Last modified December 13, 2022

Automatic termination of unhealthy nodes

Platform support
AWS
  • Alpha in v12.6.0
  • GA in v15.0.0
Azure
  • Alpha in v13.1.0
On-premises (KVM)
  • Alpha in v14.0.0

Introduction

Degraded nodes in a Kubernetes cluster should be a rare issue, however when it occurs, it can have severe consequences for the workloads scheduled to the affected nodes. The goal should be to detect bad nodes early and remove them from the cluster, replacing them with healthy ones.

Starting with workload cluster release v12.6.0 for AWS, v13.1.0 for Azure and v14.0.0 for KVM, you have the option to automate the detection and termination of bad nodes. When enabled, all nodes in your cluster are periodically checked. If a node fails consecutive health checks over an extended time period, it will be drained and terminated.

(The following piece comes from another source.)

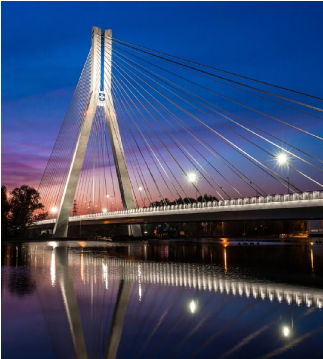
Most im. Tadeusza Mazowieckiego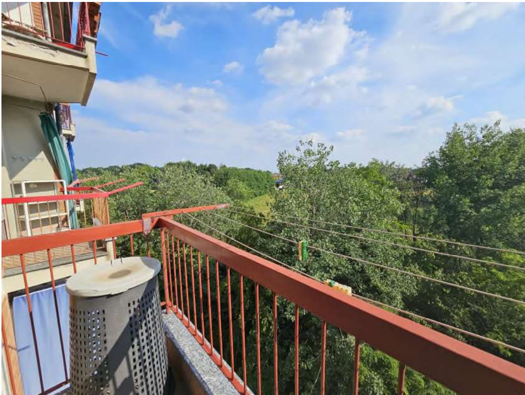
Balcone lato soggiorno

From AWS workload cluster release v15.0.0 the feature is enabled by default. In order to enable this functionality for other providers, please refer to the applicable section below.

Technical details

The node’s health status is used to determine if a node needs to be terminated. A node reporting a Ready status is considered healthy. If a node reports an unhealthy status continuously for a given time threshold it will be recycled.

An unhealthy status means the kubelet on a given node has reported NotReady status on consecutive checks (aproximately every 2-3 minutes) over a certain time threshold (approximately 15 minutes).

Enabling automatic termination

Automatic termination of unhealthy nodes is enabled by default on AWS as of release v15.0.0. It continues to be disabled by default for older releases.

This section explains how you can enable the feature for each supported provider.

AWS

Workload cluster releases v12.6.x to v14.x.x

To enable the feature, edit the AWSCluster resource of your cluster using the Management API.

Make sure the resource has the alpha.node.giantswarm.io/terminate-unhealthy annotation. The value can be anything you like, as only the presence of that annotation is checked. Here is an example:

apiVersion: infrastructure.giantswarm.io/v1alpha2
kind: AWSCluster
metadata:
  annotations:
    alpha.node.giantswarm.io/terminate-unhealthy: "true"
  labels:
    giantswarm.io/cluster: jni9x
    giantswarm.io/organization: giantswarm
    release.giantswarm.io/version: 12.6.0
  name: jni9x
  namespace: default
spec:
  ...

If you want to disable the feature you must remove the annotation from the AWSCluster custom resource.

Workload cluster releases v15.x.x and newer

To disable automatic termination of unhealthy nodes, edit the AWSCluster resource of your cluster using the Management API.

Make sure the resource has the annotation

node.giantswarm.io/terminate-unhealthy: "false"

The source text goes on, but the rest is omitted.